La parole est à Mme la secrétaire d’État.

Sabrina Roubache secrétaire d’État · RE #223

Vous avez raison : le principe de laïcité doit être proclamé, affirmé, parfois hurlé. En guise de bilan de l’action du Gouvernement et d’esquisse de celle qu’il continuera de mener, j’évoquerai la révision de la gouvernance des associations gérant un lieu de culture, prévue par la loi CRPR. Tous les décrets d’application de cette loi ont été pris et les avancées juridiques ont fait l’objet d’une circulaire d’application, afin de guider les services confrontés à l’application opérationnelle du texte – la désignation d’un référent laïcité, par exemple. Je crois beaucoup au réseau des référents. Ils sont déjà 17 000, et cet effectif pourrait croître, puisque ledit réseau a vocation à accompagner des millions de fonctionnaires. J’ai demandé au Premier ministre de présider le prochain CIL, car je suis convaincue que chaque ministère doit développer des actions de promotion et de défense de […]

Madame la ministre, votre temps de parole est écoulé.

Sabrina Roubache secrétaire d’État · RE #226

Mon Dieu ! (Sourires et exclamations sur les bancs des groupes LFI-NUPES et GDR-NUPES.) Pardon, madame la présidente. Pour résumer, mieux le principe de laïcité est appliqué, moins nous faisons de concessions, plus nous sommes forts.

La parole est à M. Philippe Brun.

Ma question sera courte et simple. Le Président de la République a choisi, le 7 décembre dernier, de célébrer Hanoucca au palais de l’Élysée, en présence du grand rabbin de France. Cette célébration est-elle conforme au principe de laïcité, que votre ministère a vocation à défendre ?

Malin !

La parole est à Mme la secrétaire d’État.

Sabrina Roubache secrétaire d’État · RE #231

Je vous remercie de votre question, monsieur le député. Nous n’allons pas faire semblant de ne pas nous connaître ! Si vous me demandez mon avis, le Président a jugé bon…

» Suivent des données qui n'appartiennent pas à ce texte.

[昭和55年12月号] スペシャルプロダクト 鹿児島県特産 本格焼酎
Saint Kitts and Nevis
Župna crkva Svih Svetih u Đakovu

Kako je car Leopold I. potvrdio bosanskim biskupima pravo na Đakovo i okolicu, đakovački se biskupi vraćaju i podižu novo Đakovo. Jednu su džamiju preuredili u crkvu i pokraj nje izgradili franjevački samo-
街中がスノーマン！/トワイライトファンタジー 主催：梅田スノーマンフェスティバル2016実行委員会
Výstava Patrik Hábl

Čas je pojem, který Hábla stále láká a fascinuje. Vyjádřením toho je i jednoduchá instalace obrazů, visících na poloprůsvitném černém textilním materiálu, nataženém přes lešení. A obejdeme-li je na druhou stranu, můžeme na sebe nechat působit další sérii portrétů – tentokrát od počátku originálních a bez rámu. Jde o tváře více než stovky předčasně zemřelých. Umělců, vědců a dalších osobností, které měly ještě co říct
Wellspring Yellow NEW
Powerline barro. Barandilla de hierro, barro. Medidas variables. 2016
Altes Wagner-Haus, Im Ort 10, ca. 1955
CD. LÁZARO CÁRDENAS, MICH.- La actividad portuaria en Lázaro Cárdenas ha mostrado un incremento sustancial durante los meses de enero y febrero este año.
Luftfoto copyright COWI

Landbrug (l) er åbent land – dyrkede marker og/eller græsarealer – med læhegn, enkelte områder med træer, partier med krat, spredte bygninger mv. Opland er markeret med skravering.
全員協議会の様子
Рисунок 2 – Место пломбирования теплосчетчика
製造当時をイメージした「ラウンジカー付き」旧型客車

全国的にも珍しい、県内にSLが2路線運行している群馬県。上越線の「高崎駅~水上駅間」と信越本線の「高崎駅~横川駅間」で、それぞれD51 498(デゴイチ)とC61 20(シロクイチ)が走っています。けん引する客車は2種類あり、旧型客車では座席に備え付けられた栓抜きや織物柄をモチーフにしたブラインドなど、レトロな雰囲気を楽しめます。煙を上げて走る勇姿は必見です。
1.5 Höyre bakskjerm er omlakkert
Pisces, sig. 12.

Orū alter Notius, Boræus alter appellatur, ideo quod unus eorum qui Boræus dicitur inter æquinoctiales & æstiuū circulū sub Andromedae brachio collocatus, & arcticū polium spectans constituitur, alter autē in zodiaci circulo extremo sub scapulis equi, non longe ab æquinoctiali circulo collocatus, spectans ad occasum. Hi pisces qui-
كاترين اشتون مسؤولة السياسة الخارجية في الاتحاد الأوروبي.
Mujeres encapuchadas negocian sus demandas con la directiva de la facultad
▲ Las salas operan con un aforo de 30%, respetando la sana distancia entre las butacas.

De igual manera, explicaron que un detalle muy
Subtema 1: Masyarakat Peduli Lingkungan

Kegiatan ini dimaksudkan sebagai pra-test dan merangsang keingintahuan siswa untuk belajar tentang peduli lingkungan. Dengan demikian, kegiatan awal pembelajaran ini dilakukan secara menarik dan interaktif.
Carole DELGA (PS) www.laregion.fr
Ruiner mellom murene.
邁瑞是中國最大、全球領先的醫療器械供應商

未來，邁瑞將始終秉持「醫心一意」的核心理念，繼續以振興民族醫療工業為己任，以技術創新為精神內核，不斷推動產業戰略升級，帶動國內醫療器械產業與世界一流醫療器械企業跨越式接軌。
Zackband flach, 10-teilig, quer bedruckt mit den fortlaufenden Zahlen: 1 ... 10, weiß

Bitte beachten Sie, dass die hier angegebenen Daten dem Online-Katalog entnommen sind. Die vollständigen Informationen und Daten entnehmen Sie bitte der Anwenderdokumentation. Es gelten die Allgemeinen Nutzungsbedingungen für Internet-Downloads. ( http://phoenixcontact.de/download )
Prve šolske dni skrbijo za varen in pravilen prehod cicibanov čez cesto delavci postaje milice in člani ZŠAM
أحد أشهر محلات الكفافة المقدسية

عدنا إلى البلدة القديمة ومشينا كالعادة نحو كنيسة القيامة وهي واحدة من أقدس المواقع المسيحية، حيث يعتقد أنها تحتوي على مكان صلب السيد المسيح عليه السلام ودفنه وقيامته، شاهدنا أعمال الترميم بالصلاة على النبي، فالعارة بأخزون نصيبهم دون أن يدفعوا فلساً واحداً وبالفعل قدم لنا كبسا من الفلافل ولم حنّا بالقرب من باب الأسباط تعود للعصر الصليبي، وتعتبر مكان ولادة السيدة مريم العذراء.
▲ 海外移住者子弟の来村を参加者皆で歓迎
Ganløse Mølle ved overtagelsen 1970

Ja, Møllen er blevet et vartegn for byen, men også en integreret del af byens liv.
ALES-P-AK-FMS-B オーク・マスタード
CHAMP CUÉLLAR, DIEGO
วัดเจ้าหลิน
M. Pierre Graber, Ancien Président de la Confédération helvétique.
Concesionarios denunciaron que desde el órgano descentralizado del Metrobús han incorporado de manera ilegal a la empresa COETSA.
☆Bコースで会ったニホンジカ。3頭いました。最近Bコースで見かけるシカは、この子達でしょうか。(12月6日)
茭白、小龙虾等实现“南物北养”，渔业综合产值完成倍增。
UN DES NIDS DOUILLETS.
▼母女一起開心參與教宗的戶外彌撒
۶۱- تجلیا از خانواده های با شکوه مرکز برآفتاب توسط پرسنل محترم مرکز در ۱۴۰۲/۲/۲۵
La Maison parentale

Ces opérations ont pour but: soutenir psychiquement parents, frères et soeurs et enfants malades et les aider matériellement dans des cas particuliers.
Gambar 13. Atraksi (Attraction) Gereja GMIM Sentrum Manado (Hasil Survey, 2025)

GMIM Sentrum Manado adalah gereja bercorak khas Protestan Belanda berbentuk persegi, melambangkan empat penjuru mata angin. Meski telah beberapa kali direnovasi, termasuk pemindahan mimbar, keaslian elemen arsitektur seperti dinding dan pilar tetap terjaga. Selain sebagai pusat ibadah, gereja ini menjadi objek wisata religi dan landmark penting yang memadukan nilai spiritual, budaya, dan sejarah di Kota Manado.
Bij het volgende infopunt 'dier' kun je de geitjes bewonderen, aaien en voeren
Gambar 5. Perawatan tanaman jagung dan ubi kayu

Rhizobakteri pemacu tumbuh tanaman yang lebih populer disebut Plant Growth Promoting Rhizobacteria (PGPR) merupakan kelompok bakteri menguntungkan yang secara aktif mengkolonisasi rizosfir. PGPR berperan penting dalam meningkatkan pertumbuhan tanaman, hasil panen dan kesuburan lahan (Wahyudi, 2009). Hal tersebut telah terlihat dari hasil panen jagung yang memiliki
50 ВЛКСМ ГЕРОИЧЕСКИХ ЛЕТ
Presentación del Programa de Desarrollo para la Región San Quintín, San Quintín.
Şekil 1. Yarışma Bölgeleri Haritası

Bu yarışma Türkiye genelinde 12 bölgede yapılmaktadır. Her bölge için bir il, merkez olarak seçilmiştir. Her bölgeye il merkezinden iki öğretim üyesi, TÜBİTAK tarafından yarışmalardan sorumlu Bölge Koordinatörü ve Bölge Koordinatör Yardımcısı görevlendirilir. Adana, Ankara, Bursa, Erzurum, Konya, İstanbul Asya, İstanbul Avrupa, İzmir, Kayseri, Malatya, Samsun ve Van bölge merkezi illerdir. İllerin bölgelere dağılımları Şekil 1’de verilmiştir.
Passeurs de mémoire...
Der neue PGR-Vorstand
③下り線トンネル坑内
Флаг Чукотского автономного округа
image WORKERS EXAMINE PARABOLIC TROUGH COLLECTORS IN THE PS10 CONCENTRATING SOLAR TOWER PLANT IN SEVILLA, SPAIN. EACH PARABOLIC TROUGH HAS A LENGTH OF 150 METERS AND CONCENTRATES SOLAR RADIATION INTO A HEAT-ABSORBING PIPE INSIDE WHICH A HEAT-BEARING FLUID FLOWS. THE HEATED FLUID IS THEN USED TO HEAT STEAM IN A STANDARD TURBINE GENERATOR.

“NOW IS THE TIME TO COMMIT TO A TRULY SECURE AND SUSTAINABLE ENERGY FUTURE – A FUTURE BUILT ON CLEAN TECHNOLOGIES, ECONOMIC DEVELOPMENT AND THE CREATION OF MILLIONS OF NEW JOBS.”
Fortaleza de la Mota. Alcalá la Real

On vous demande votre avis !

Sabrina Roubache secrétaire d’État · RE #233

Je ne vous rappellerai pas les dispositions de la loi, que vous connaissez aussi bien que moi. Après les attaques terroristes du Hamas, le contexte était tellement particulier – un moment de communion, empreint d’émotion – que le Président a souhaité envoyer à la communauté juive un message de paix. Je vous entends et je suis tout à fait consciente des réactions que cet événement a entraînées, alors que nous parlons séparation entre le fait religieux et la République. Cette réponse vous convient-elle ?

Je ne sais pas à qui elle conviendrait !

La parole est à M. Éric Poulliat.

Alors que l’on parle très régulièrement du rôle de l’école en matière de défense et de promotion de la laïcité, celui de l’université est plus rarement évoqué – vous l’avez néanmoins mentionné dans votre propos liminaire. Les étudiants étant majeurs, ils peuvent porter des signes religieux, créer des associations liées à leur croyance, mais non utiliser les locaux universitaires pour pratiquer leur religion. La promotion et la défense de la laïcité dans l’enseignement supérieur ne constituent-elles pas un enjeu ?Les récents événements qui se sont déroulés à Sciences Po n’ont fait que démontrer la montée en puissance des tensions communautaires au sein des universités. Des minorités agissantes aux revendications religieuses et aux modes d’action radicaux ont recours à l’intimidation, à la violence, afin d’empêcher d’autres étudiants de participer au débat en les essentialisant, en les […]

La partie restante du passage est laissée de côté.